■ **What you are asked to do**:
What is needed is a word-for-word copy of the lines below from the one with "The oversized silhouette" through the one with "По бокам слотов", both included, with every picture left out.

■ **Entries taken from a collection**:

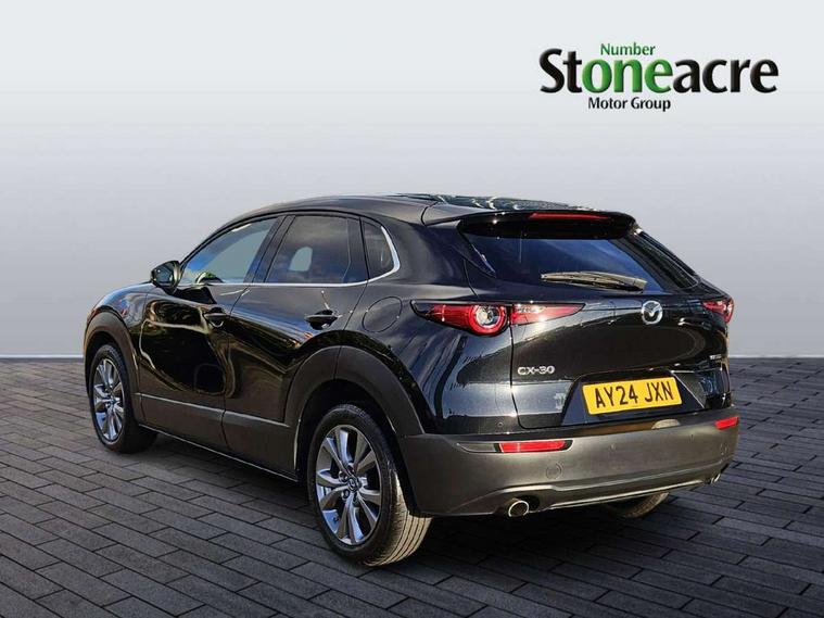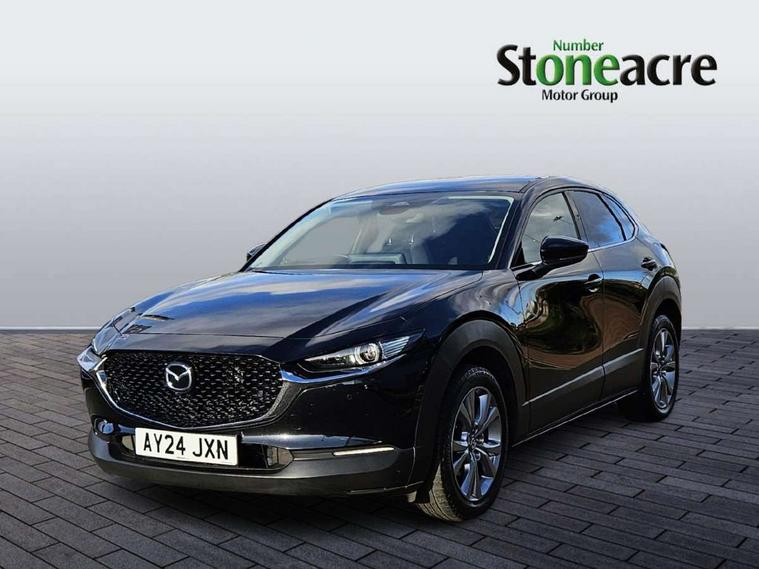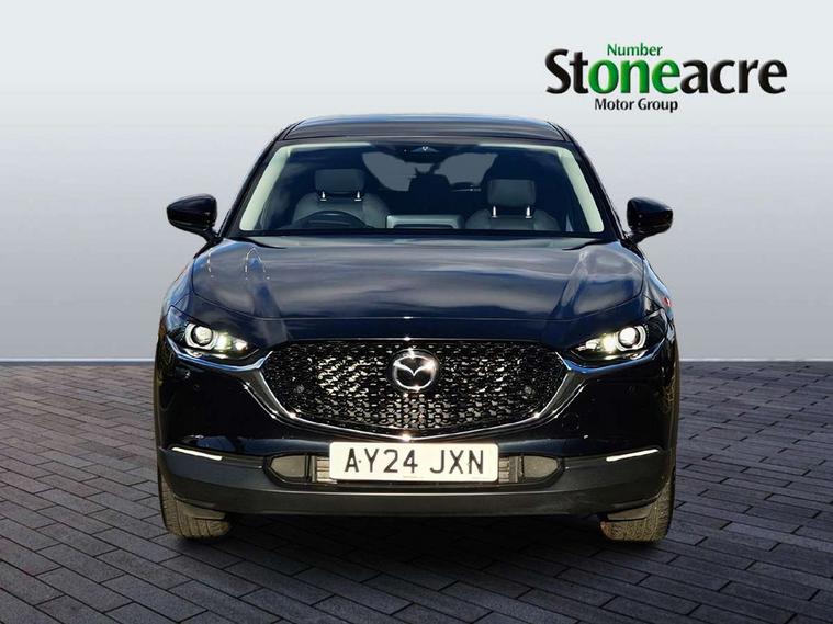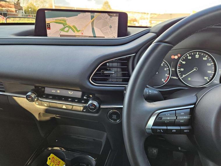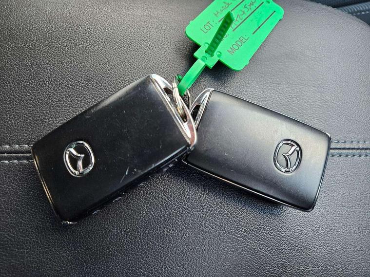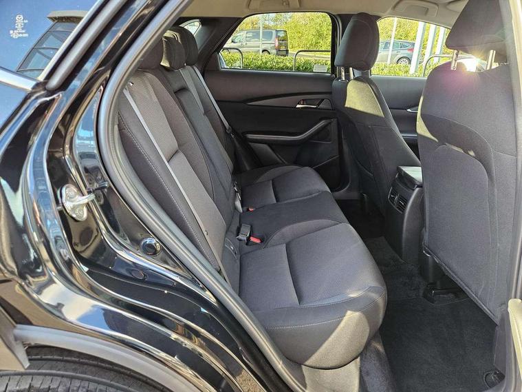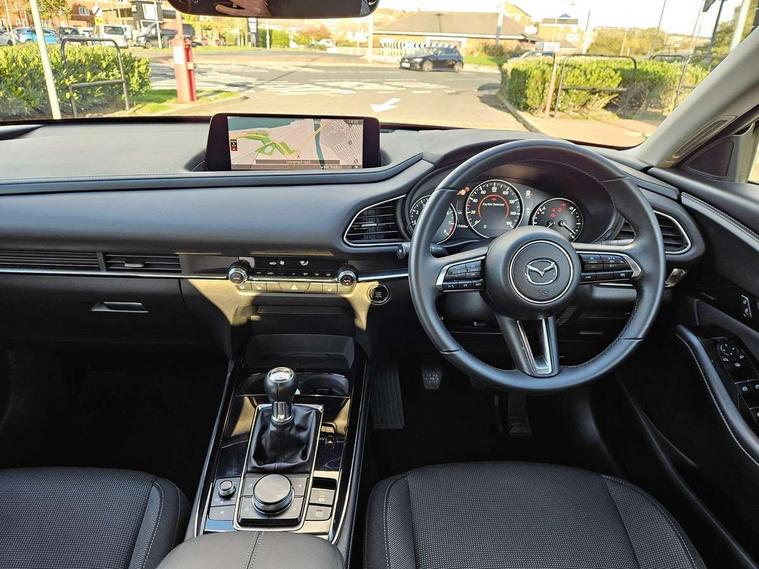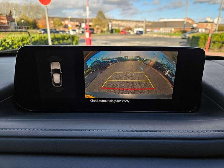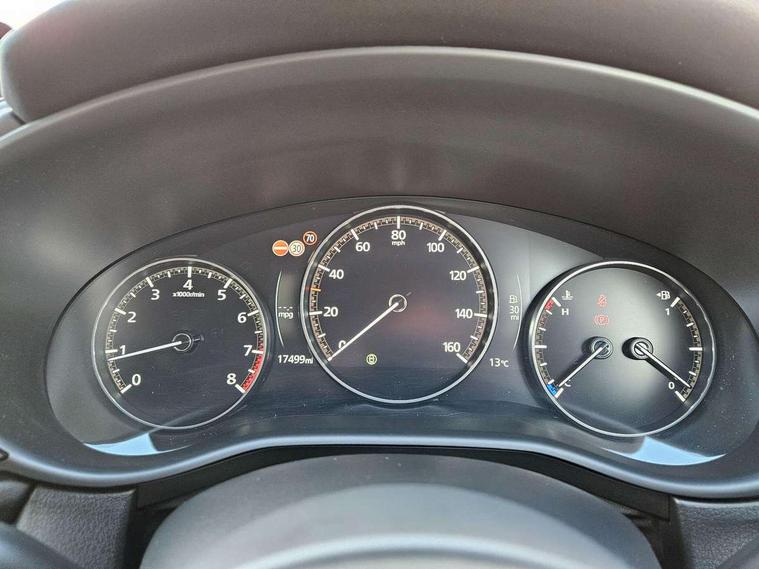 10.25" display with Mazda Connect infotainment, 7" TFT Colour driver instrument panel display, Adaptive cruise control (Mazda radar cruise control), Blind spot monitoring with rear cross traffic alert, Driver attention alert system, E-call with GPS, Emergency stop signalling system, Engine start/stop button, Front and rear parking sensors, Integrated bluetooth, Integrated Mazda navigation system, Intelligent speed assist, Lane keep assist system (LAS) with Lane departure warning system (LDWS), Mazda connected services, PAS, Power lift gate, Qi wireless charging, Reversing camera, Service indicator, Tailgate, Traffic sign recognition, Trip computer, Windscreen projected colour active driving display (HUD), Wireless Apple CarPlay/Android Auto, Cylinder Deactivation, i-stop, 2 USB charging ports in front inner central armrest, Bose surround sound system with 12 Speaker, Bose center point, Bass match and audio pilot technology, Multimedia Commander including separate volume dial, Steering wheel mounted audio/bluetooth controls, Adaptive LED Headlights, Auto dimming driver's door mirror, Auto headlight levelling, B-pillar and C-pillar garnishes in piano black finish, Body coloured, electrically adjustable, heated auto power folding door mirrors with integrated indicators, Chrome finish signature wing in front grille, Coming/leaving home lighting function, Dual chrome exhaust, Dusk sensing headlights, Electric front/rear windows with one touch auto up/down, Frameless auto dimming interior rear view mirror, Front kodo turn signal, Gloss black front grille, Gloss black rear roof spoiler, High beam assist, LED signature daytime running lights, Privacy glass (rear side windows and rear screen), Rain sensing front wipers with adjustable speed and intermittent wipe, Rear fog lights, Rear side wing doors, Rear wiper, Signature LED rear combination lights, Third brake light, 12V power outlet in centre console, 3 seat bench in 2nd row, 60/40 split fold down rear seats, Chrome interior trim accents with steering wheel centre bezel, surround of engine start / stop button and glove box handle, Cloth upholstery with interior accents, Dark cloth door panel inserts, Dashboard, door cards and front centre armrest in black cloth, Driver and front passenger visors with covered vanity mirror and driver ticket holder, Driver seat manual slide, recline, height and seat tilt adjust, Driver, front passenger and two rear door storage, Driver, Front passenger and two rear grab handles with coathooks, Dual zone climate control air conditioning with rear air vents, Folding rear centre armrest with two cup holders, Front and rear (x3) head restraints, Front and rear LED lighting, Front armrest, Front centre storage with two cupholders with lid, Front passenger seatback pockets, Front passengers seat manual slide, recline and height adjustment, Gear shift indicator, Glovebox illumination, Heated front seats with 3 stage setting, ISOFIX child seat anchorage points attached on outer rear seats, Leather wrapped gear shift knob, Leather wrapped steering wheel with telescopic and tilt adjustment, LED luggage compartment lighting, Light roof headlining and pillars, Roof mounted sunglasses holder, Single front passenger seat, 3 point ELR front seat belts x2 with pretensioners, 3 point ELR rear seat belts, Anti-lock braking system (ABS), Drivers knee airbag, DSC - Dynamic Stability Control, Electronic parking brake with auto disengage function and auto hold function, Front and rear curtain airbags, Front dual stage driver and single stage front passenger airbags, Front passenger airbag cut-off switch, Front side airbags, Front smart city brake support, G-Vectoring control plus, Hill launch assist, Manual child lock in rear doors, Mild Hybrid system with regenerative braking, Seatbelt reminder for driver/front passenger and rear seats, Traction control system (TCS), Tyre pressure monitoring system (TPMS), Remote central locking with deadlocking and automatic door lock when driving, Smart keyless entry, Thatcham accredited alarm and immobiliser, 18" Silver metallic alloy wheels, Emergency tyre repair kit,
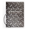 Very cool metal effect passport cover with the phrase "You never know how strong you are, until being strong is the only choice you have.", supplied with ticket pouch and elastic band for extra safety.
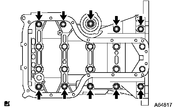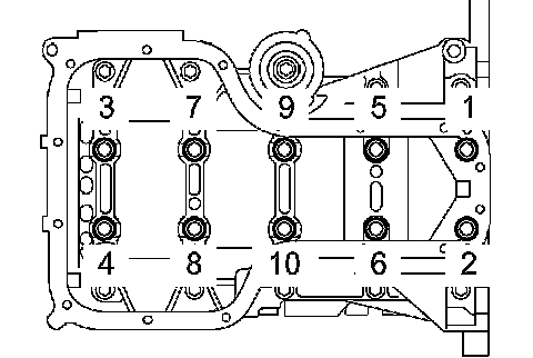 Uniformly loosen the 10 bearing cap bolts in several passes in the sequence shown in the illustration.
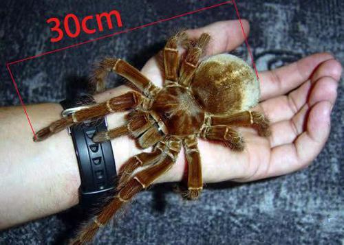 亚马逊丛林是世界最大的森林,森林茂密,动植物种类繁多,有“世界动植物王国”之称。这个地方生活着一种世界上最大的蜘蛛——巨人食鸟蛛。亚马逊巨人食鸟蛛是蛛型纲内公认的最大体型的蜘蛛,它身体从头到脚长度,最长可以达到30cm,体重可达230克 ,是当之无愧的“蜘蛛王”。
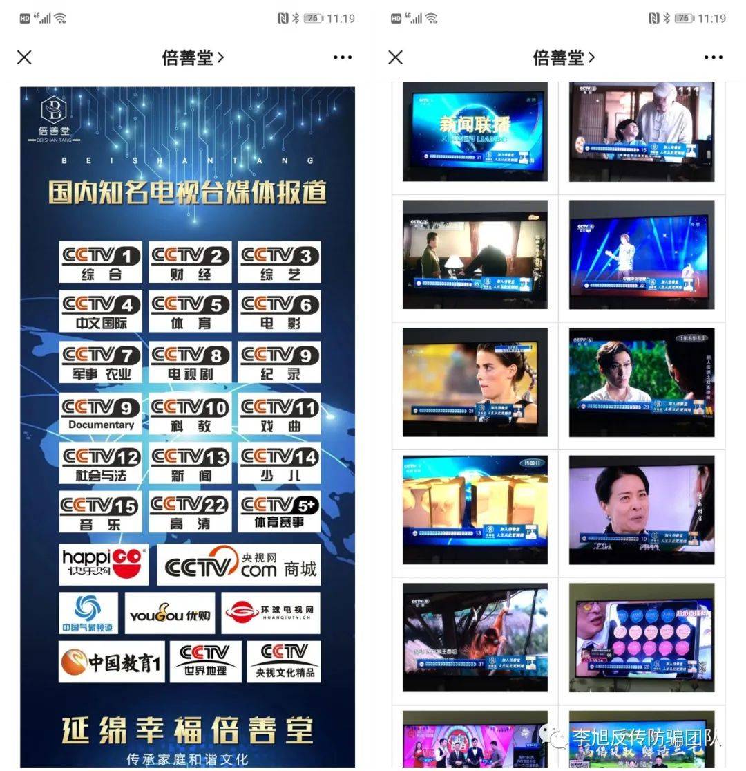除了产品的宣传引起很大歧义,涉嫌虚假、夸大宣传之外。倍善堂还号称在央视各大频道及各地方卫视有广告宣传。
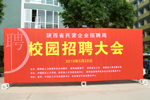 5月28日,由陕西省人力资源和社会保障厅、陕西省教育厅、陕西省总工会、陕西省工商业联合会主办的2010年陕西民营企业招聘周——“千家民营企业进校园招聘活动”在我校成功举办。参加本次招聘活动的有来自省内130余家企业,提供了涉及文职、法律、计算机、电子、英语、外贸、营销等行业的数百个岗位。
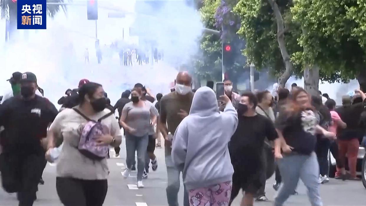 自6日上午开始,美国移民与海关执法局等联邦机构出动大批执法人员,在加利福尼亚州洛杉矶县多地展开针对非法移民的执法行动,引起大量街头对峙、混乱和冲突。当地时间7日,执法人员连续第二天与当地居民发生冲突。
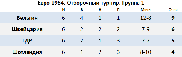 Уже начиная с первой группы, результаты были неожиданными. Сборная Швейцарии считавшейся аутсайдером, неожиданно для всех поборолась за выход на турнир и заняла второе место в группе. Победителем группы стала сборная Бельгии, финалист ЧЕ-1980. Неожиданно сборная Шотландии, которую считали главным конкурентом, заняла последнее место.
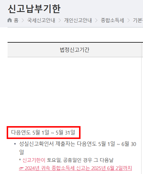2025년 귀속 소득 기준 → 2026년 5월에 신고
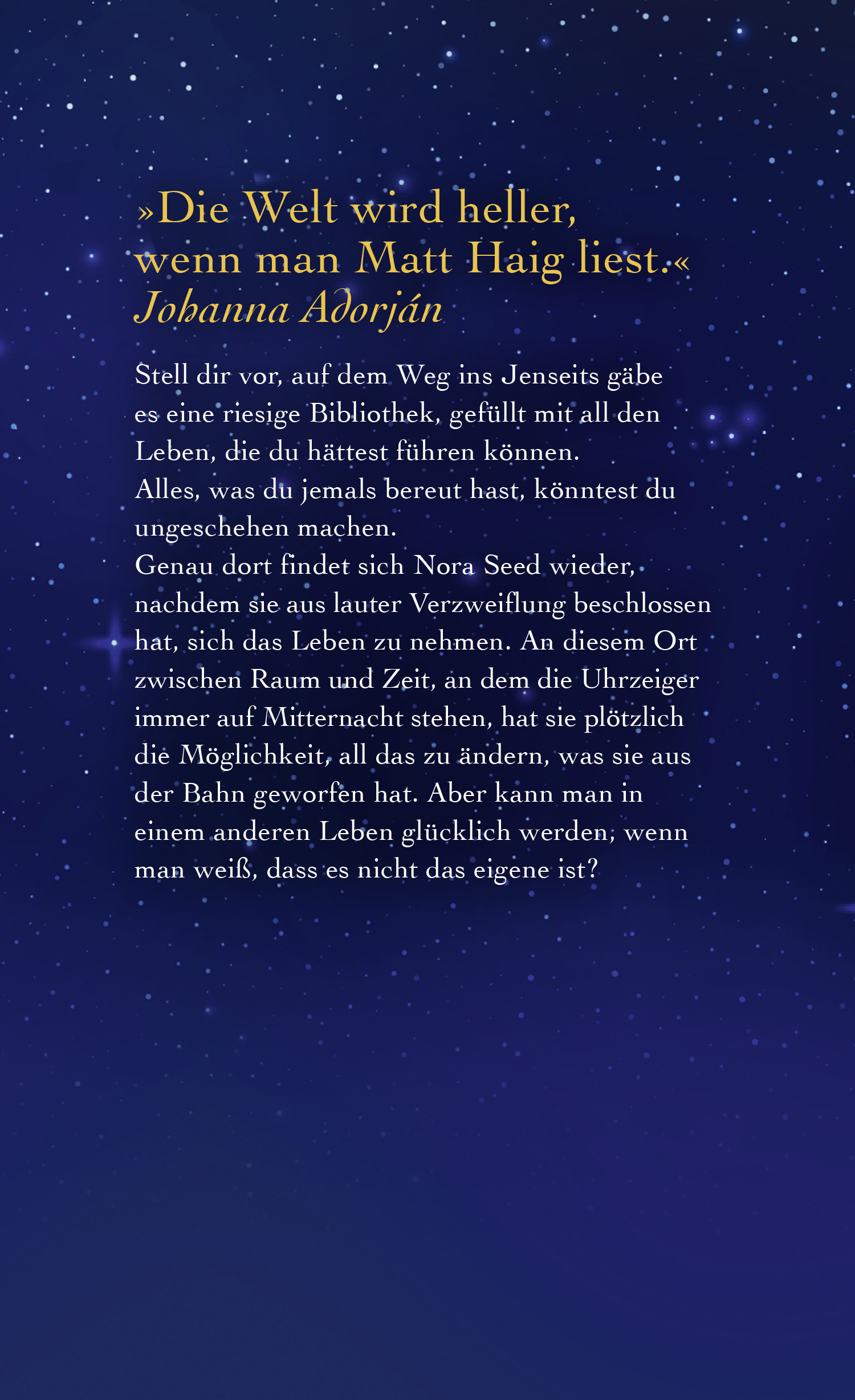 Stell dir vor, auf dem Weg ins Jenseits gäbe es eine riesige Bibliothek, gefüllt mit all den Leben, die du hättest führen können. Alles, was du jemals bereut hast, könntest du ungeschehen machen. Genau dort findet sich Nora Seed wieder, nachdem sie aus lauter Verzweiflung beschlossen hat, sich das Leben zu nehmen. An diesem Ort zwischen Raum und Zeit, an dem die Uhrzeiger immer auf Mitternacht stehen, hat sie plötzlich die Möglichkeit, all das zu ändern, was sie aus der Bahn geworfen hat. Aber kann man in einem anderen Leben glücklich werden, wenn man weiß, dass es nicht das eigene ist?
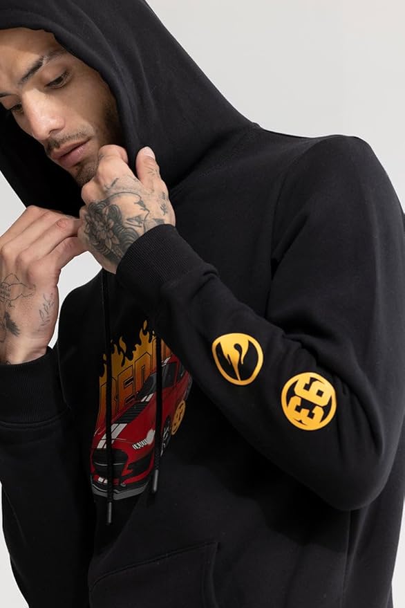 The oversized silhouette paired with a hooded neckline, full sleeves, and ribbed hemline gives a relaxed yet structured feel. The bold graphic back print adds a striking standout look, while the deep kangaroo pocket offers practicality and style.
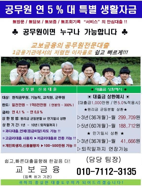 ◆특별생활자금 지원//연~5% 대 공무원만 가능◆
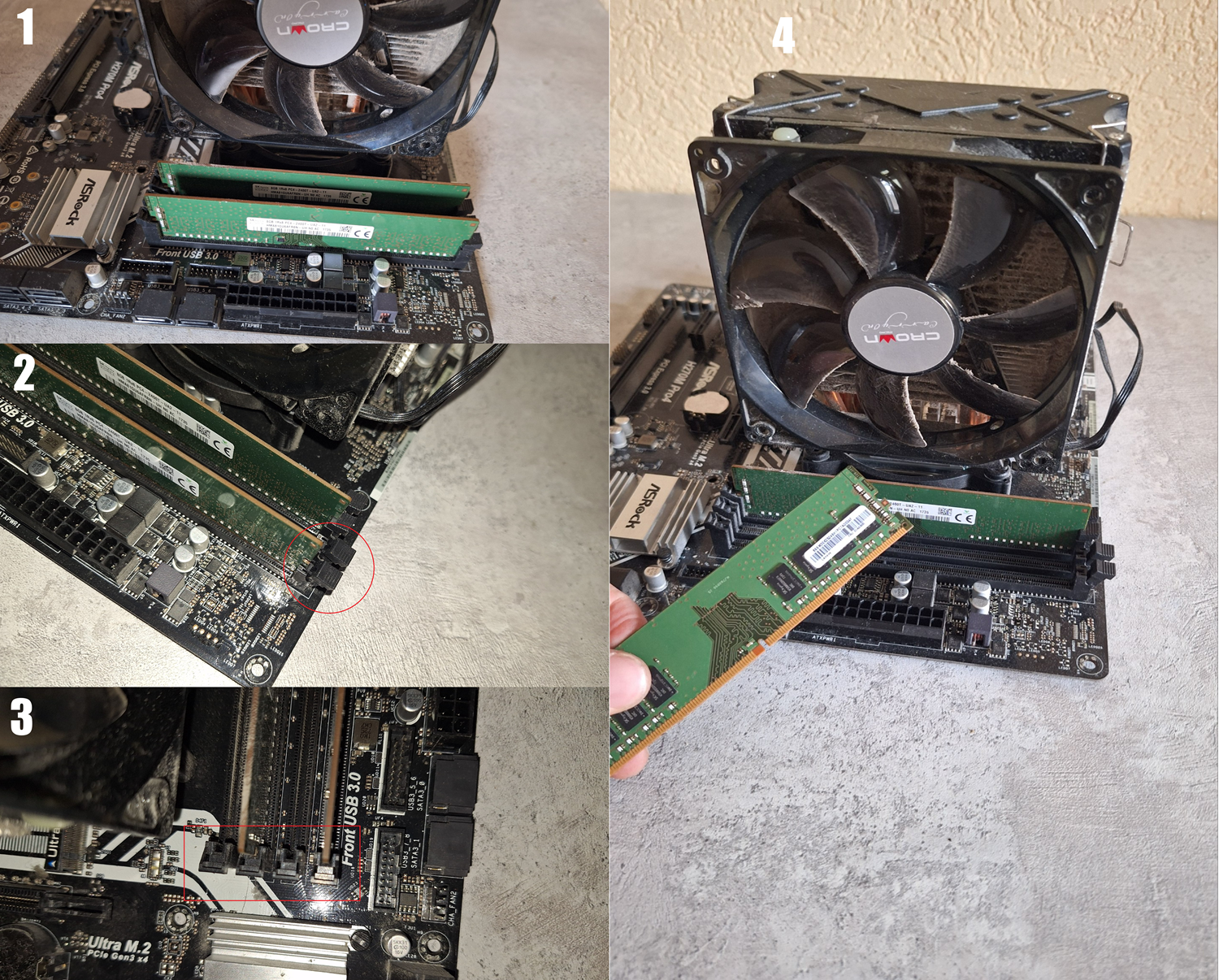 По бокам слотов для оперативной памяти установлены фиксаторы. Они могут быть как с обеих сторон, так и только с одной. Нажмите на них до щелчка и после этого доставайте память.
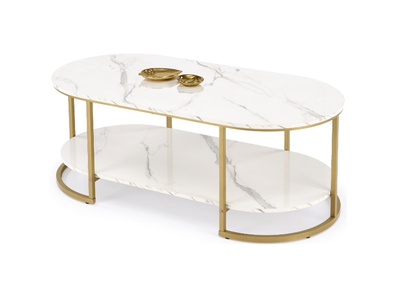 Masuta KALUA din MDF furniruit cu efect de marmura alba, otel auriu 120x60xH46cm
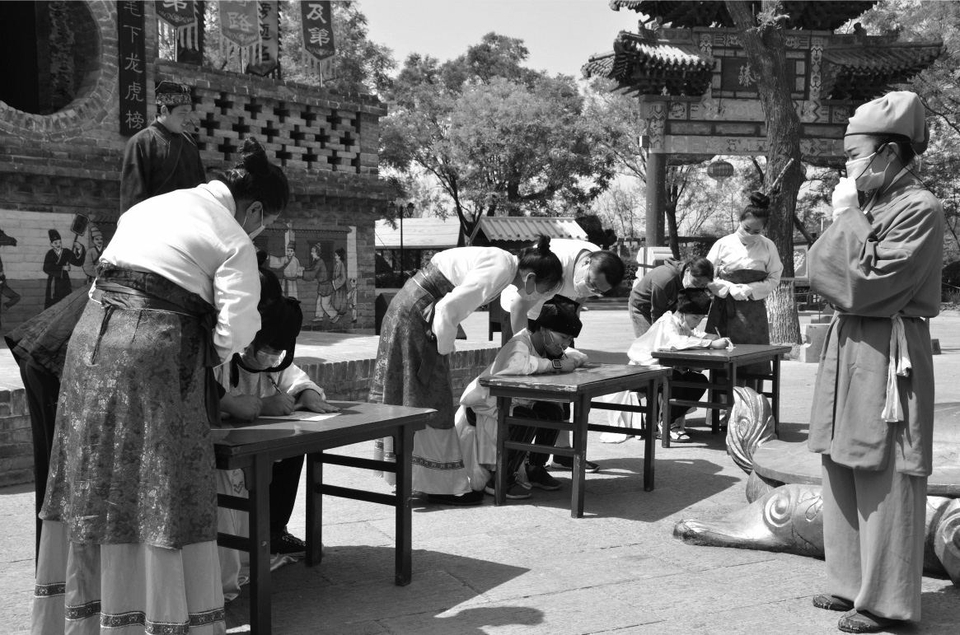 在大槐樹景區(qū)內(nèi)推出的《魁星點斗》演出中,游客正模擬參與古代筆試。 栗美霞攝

■ **Exercise answer**:
 The oversized silhouette paired with a hooded neckline, full sleeves, and ribbed hemline gives a relaxed yet structured feel. The bold graphic back print adds a striking standout look, while the deep kangaroo pocket offers practicality and style.
 ◆특별생활자금 지원//연~5% 대 공무원만 가능◆
 По бокам слотов для оперативной памяти установлены фиксаторы. Они могут быть как с обеих сторон, так и только с одной. Нажмите на них до щелчка и после этого доставайте память.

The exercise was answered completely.